We read that Losey was too much under the influence of Resnais and other European art filmmakers during this period. That does not account for the strange pleasures of SECRET CEREMONY (1968; July 13 at 9:15 pm) and BOOM! (1968; August 9 at 9 pm), Elizabeth Taylor vehicles campier than Losey’s colorful, unimpressive MODESTY BLAISE (1966; August 8 at 7 pm). Both Taylor films survive as embodiments of camp; both are so straight-faced and mysterious that they transcend it. Losey’s camera moves through them with a surreal elegance. One has Robert Mitchum in it, the other Noël Coward.

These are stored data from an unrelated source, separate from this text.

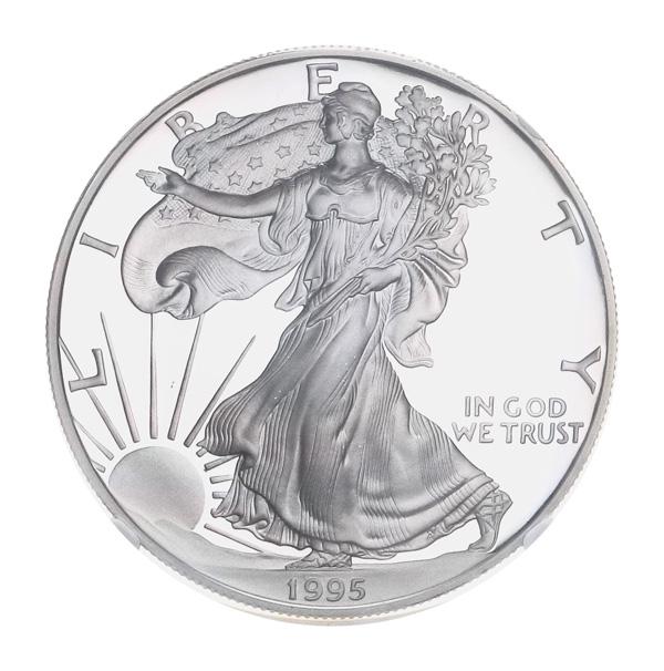 1995-W $1 American Silver Eagle NGC PF70 Ultra Cameo, NGC graded Proof 70 Ultra Cameo. (Image)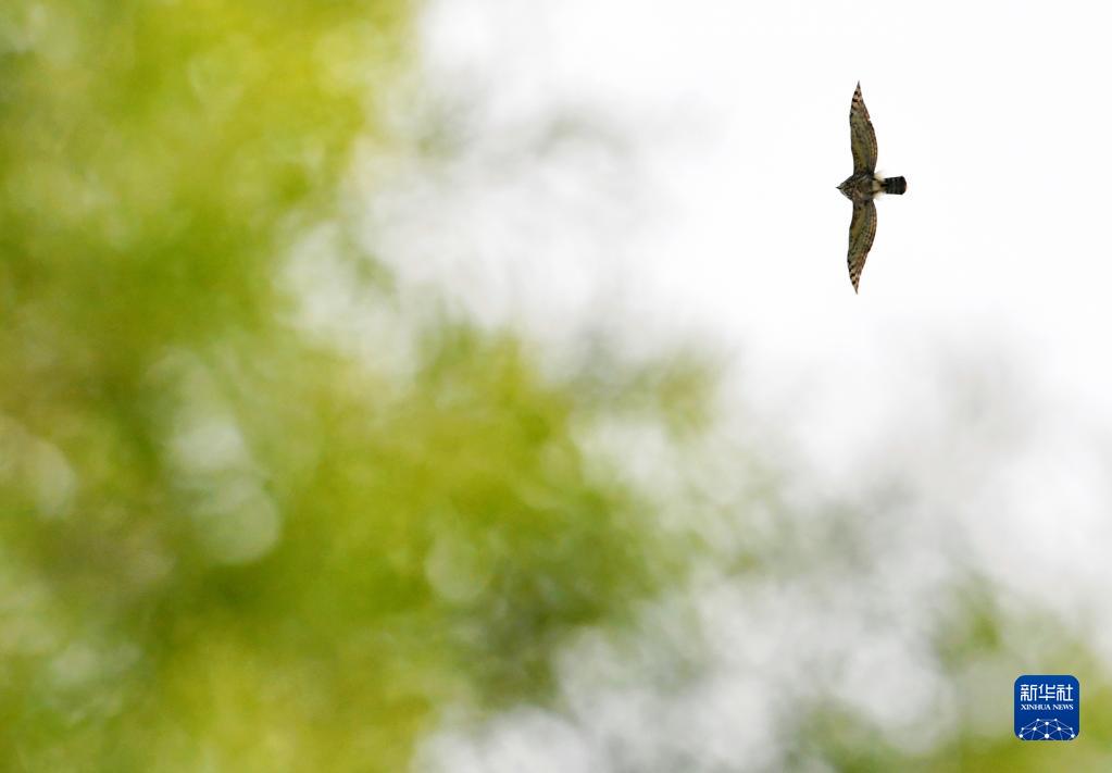 在福州金雞山公園,一只鳳頭鷹在天空盤旋(3月26日攝)。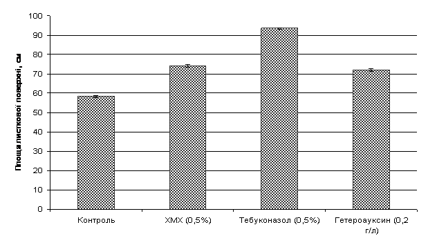 зростання площі листкової поверхні (27%), обробка рослин тебуконазолом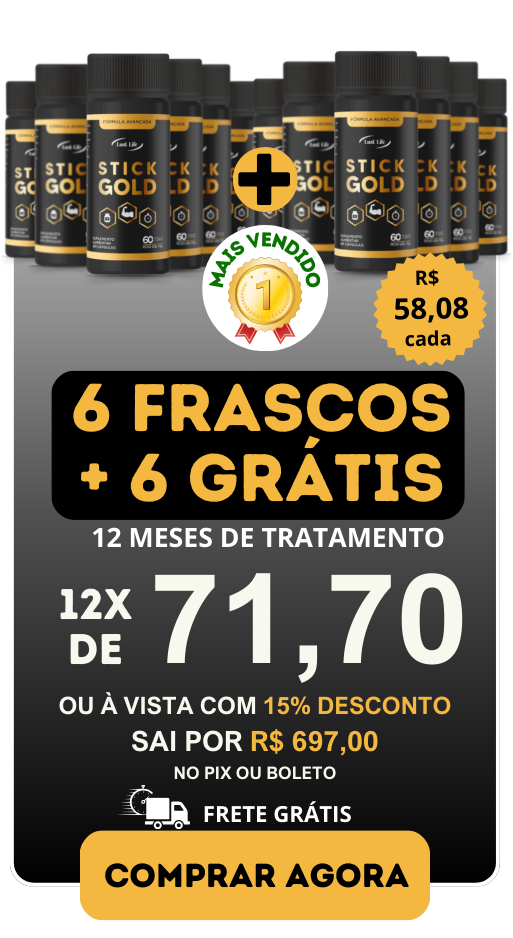 O kit mais escolhido pelos clientes é o kit 12 potes porque tem o melhor custo benefício. Você paga por 6 unidades de Stick Gold, recebe 12 e o frete é para qualquer lugar do Brasil. Esse pacote é indicado para o tratamento de 12 meses, que é o tempo ideal para que você tenha excelentes resultados.

After the Taylor sub-period, Losey doesn’t cohere. All his late films are interesting, all have something to offer, all reflect Loseyan values to varying degrees, some return to his roots in Brechtian theater and socialist æsthetics in a more naked way than his in earlier work. Two films he made in France with great stars are as good as anything he’s done: MR. KLEIN (1976; August 3 at 8 pm), a World War II noir with Alain Delon as an art seller haunted by his Jewish double, and THE TROUT (1982; August 11 at 7 pm), with Isabelle Huppert as a country girl whisked to Tokyo by a businessman to be his mistress. Huppert bowls in The Trout, wearing a T-shirt that says “peut-être” on the front and “jamais!” on the back.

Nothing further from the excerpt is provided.